#### Source data
┌────────
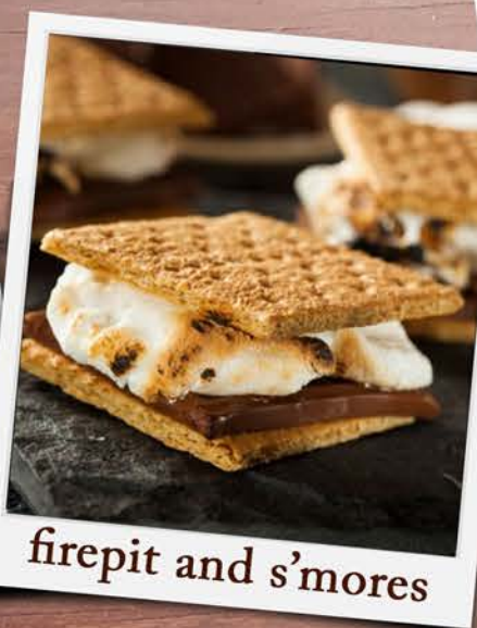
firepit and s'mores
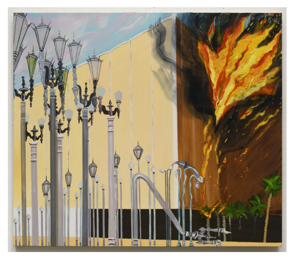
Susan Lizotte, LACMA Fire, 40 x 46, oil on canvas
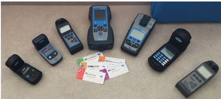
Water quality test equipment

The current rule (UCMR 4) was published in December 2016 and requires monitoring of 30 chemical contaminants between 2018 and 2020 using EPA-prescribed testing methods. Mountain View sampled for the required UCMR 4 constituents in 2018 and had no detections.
└────────
#### Exercise brief
Reproduce the material exactly. Pictures stay out.

#### Task answer
firepit and s'mores
Susan Lizotte, LACMA Fire, 40 x 46, oil on canvas
Water quality test equipment

The current rule (UCMR 4) was published in December 2016 and requires monitoring of 30 chemical contaminants between 2018 and 2020 using EPA-prescribed testing methods. Mountain View sampled for the required UCMR 4 constituents in 2018 and had no detections.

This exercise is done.